There was something they wanted to know, and made one last request. “Mommy, daddy, can we look out the window?” They smiled. “Sure, go look out the window.” Silently, almost breathlessly they hurried to the window, pulled the curtain back, and looked up into the night sky. A second later they gushed, “It’s true! It’s really true!” And then they stood and watched, looking higher and higher until there was a noise like someone dancing softly on the rooftop. Suddenly they turned away, and with smiles that could light up the night, ran to their beds and dove under the covers. But there was still one last thing to do before drifting away to sleep, and those magical Christmas dreams. “God bless mommy and daddy. God bless Santa, and his reindeer too. And most of all, thank You for making mommy well.” Next came a warm kiss, a loving hug, making sure the nighttime bear was snuggled close, and mommy and daddy’s bedtime chores were done. A few moments later when Tony and Angela were walking down the stairs she said, “The children didn’t ask to open a single present.” “I think there was only one gift they wanted to see opened. They wanted to see their mommy open her Christmas miracle.” “It’s your miracle too. You prayed for it more than anybody.” He stopped at the bottom of the stairs. “I wonder how much of a role our friend Santa Claus played in this? Higgins kept telling me not to give up hope, and to keep praying no matter what.”

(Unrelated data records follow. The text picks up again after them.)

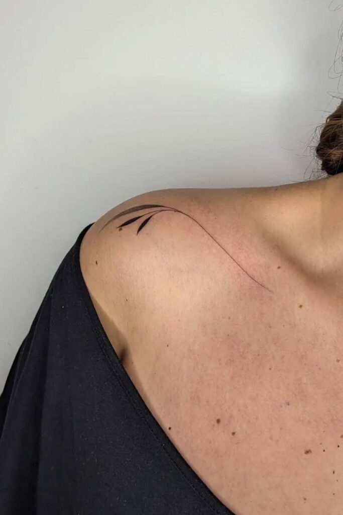 Minimalism at its finest, this delicate brushstroke tattoo by mella_fabe follows the curve of the top shoulder, appearing like a breeze or a single blade of grass.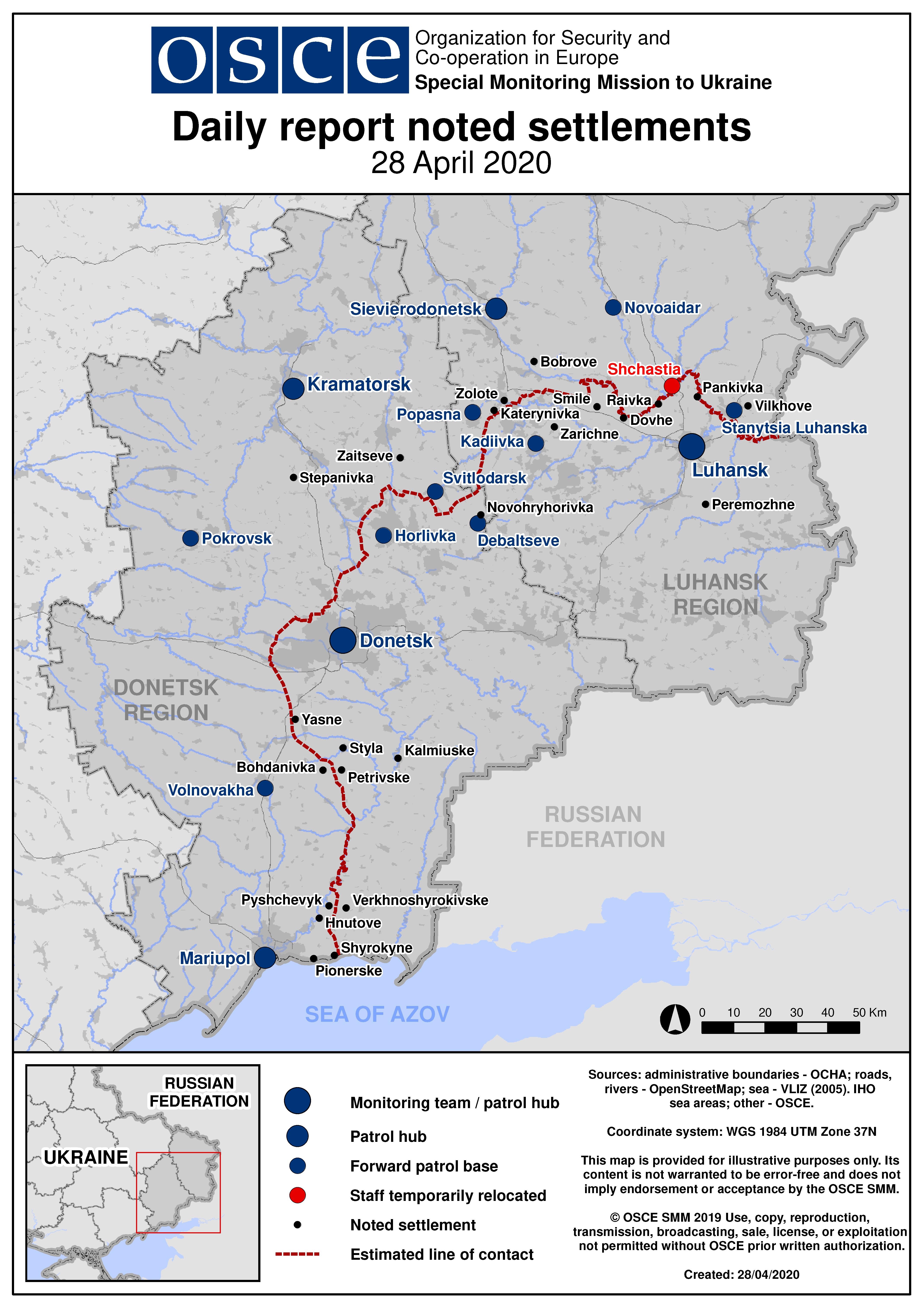 OSCE Special Monitoring Mission to Ukraine (SMM) Daily Report 100/2020 issued on 28 April 2020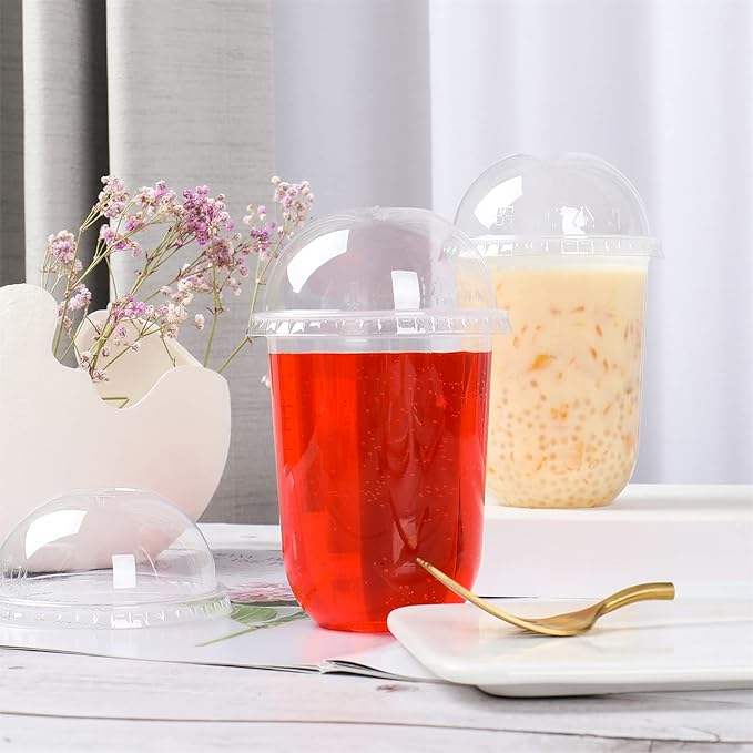 Gobelets en plastique jetables personnalisés avec logo, couvercle en U transparent, 6/8/9/16/24/32 oz, gobelets à paroi simple givrés pour desserts, café, thé au lait

“He certainly made me believe in Santa Claus,” she said, with a big smile. “You just can’t help but feel that somehow he played a bigger role in everything that happened than he’d ever admit. He’s truly one in a million.” “Well, after this Christmas season, I’ll never doubt anything about how special this time of year is, or what can happen.” Angela laughed. “I wonder what Mr. Higgins did when he got back to—let me say this the way he would—when he got back to you-know-where?” “Knowing him he probably got into trouble—and real quick.” Soon, they were standing by the Christmas Tree looking at the card again. “I think this should be tucked away in the family Bible,” she said. “No matter where it’s put, I have a feeling we’ll look at it often.” Angela wrapped her arms around him and hugged him tight. “What do you think Ryan and Sarah saw when they looked out the window upstairs?’ “If they truly believed in their hearts, like we know they do, I bet they went to sleep knowing that reindeer really do know how to fly.” “That’s another thing Mr. Higgins told them when he first got here. That nobody was ever too young, or too old to believe in Santa, the magic of Christmas, or miracles. He said they just had to believe it in their hearts, and everything was as real as they wanted it to be.” She leaned back and looked into his eyes saying, “And the noise on the roof—do you believe it was Santa’s reindeer?” “Angela, it’s Christmas, and in my heart I wanna believe just what Ryan and Sarah believe. So, I wouldn’t want it to be anything else but Santa Claus, and his reindeer. Besides, Higgins was right. No one is ever too young or too old to believe in
the miracles and magic of Christmas.” He held her a little closer and whispered, “Just think what the world would be if everybody lived Christmas through the hearts of children. Imagine how beautiful it would look in our eyes.” She kissed him. “Merry Christmas.” “Merry Christmas, Angela and God bless us, one and all.”